Yo digo Calarcá, Luis Vidales
Tengo unas secuencias de imágenes grabadas en mi memoria que se repiten y se cortan como una mala señal de televisión: son las imágenes de un lector.
Veo las imágenes y las recuerdo así: entre el año 91 o 92, de camino o regreso a la antigua sede del Colegio John Dewey, entre las carreras 24 y 25, y las calles 40 y 41 de Calarcá, vi muchas veces a un hombre leer mientras iba caminando.
Era un cuerpo espigado y blanco como un poste; cuando avanzaba rápidamente por los andenes sostenía un libro a la altura de su cara. El hombre, supe después, era un escritor. El escritor aún vive y camina por el pueblo. Ahora imagino que de tanto leer caminando se ve más joven; parece que de tanto tragar letras ha absorbido los años.
Pero no fue esa imagen fantástica la que me impulsó a leer y a escribir.
Por más que creyera que leer era un acto público o una acción que exigía un compromiso hasta en el desplazamiento. Y tampoco me impulsaron a leer y escribir las visitas a la biblioteca de la Casa de la Cultura, donde lo máximo que hacía por dispersión era fijarme en la primera y última página de un álbum de historietas.
Tampoco leí con atención y cuidado en la biblioteca escolar de la antigua sede del Colegio Antonio Nariño, ni en la biblioteca del colegio Rafael Uribe Uribe, ni en la del Instituto Calarcá, donde el profesor Carlos Fernando Gutiérrez insistió, sin mucha suerte, que debíamos leer autores quindianos, o en la biblioteca del Jorge Robledo porque en el único año que estudié allá nunca la conocí.
Y fue mejor así; que el tiempo lo gastara jugando fútbol en la cancha de tierra del Robledo, que es, de lo poco que queda de la vieja arquitectura campestre del colegio, que después del terremoto aprovecharon para tumbar. Luego construyeron sobre las ruinas esos diseños que se parecen a los de una penitenciaría.
Lo que sí disfrutaba con pasión era jugar en las calles canchitas o todo tipo de juegos. Pasar la vida y ese tiempo jugando bolas y escondite o en largos paseos en bicicleta a las veredas del pueblo. Descender a Quebrada Negra por unas carreteras angostas hasta llegar a una llanura de tierra como la que describe Gloría Cecilia Díaz en el Valle de los Cocuyos.
Eran viajes en los que no había que gastar un solo peso: la voluntad del pedaleo, sumada a las decenas de guayabas dulces y agrías que estaban en el piso de la carretera, era suficiente.
No hay entonces una imagen de iniciación. Los únicos libros que había en la casa eran los textos escolares y una pequeña colección de publicaciones editadas por La Watch Tower Bible. Nadie leía, en el ambiente sucedían otras cosas que leer jamás podrá reemplazar. Además de eso, del camino marcado para otras cosas, lo que sí quería era dibujar. Y dibujé mucho.
Recuerdo que la profesora de tercero en el Colegio John Dewey me pasaba la cartilla y me encargaba una reproducción de una de las ilustraciones para que mis compañeros copiaran mi versión.

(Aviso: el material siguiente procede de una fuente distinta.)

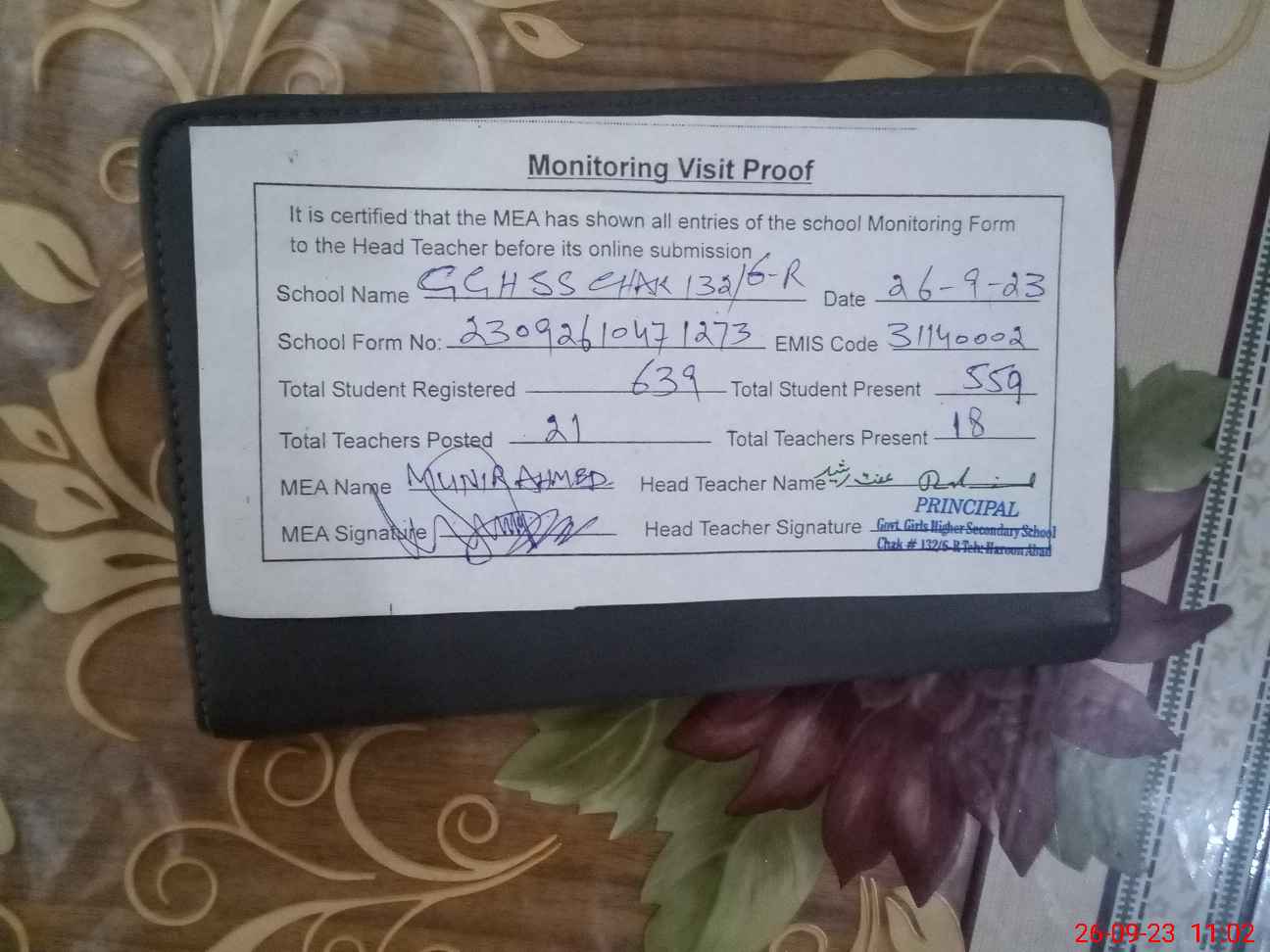| Attendance Register | Head Teacher | MEA with School | Visit Proof |

Mientras iba dibujando la copia con tizas de colores sobre la pared verde, a una escala que fuera visible, los demás hacían su dibujo en el cuaderno.
Sin proyectores o pantallas a la mano la tecnología era otra, un dibujo de un dibujo. Dibujé también en concursos que se hacían en jornadas recreativas en el Alto del Río. En uno de ellos gané un lapicero gordo que traía linterna. Un lapicero que alumbraba ideal para los días en los que una borrasca o los cortes de energía nos dejaban sin luz.
Y como no me pude dedicar a dibujar y hacer de esa práctica que precede a la escritura un oficio por alguna razón que no recuerdo ahora, terminé estudiando literatura y escribiendo. La escritura que también es dibujo parece que ha reemplazado ese talento no desarrollado.
Mejor así. Aunque entre una cosa y la otra, entre letras y dibujos que son la misma cosa, aprendí a leer no solo la última y la primera página de un libro de historietas.